» Dataset section
○ ○ ○ ○ ○ ○ ○
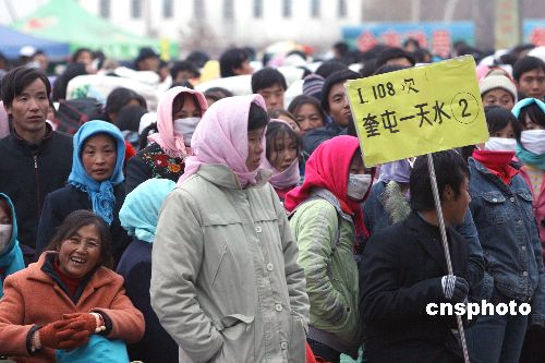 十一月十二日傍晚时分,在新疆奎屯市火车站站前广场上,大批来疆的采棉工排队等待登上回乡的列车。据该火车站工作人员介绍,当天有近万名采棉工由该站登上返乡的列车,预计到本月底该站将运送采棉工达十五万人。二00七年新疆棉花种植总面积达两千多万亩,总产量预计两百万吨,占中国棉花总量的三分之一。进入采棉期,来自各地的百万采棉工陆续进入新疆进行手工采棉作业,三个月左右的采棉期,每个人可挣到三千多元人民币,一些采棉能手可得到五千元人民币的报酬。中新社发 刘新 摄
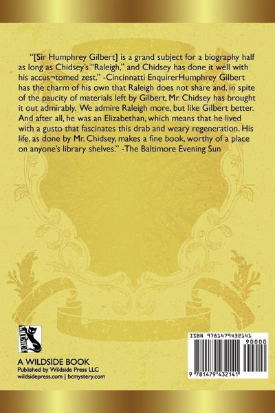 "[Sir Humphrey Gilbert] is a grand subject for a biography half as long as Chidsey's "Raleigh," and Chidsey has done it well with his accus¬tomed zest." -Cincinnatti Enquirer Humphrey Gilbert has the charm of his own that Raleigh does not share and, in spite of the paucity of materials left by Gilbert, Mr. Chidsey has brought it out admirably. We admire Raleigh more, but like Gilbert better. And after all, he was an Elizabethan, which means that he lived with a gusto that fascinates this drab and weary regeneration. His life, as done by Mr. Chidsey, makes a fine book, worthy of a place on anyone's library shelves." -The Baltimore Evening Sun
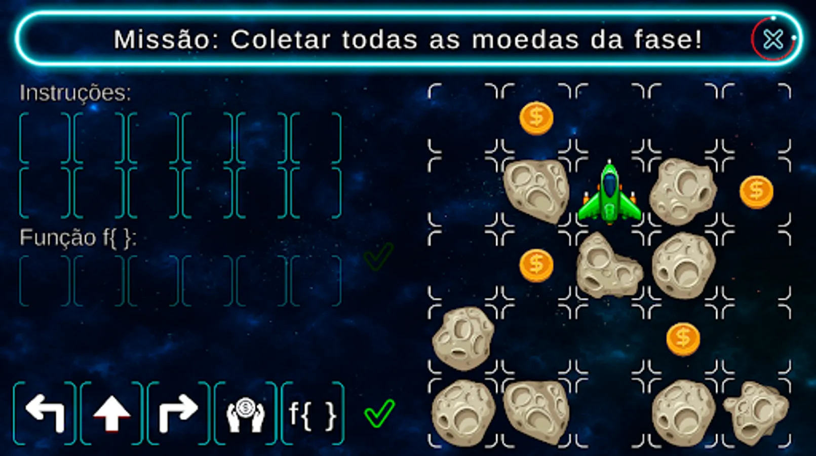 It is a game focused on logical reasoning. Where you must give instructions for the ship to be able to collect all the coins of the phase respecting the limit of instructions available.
○ ○ ○ ○ ○ ○ ○
» Your assignment
Without including any picture, copy the listing above exactly and in full.

» Result for this exercise
 十一月十二日傍晚时分,在新疆奎屯市火车站站前广场上,大批来疆的采棉工排队等待登上回乡的列车。据该火车站工作人员介绍,当天有近万名采棉工由该站登上返乡的列车,预计到本月底该站将运送采棉工达十五万人。二00七年新疆棉花种植总面积达两千多万亩,总产量预计两百万吨,占中国棉花总量的三分之一。进入采棉期,来自各地的百万采棉工陆续进入新疆进行手工采棉作业,三个月左右的采棉期,每个人可挣到三千多元人民币,一些采棉能手可得到五千元人民币的报酬。中新社发 刘新 摄
 "[Sir Humphrey Gilbert] is a grand subject for a biography half as long as Chidsey's "Raleigh," and Chidsey has done it well with his accus¬tomed zest." -Cincinnatti Enquirer Humphrey Gilbert has the charm of his own that Raleigh does not share and, in spite of the paucity of materials left by Gilbert, Mr. Chidsey has brought it out admirably. We admire Raleigh more, but like Gilbert better. And after all, he was an Elizabethan, which means that he lived with a gusto that fascinates this drab and weary regeneration. His life, as done by Mr. Chidsey, makes a fine book, worthy of a place on anyone's library shelves." -The Baltimore Evening Sun
 It is a game focused on logical reasoning. Where you must give instructions for the ship to be able to collect all the coins of the phase respecting the limit of instructions available.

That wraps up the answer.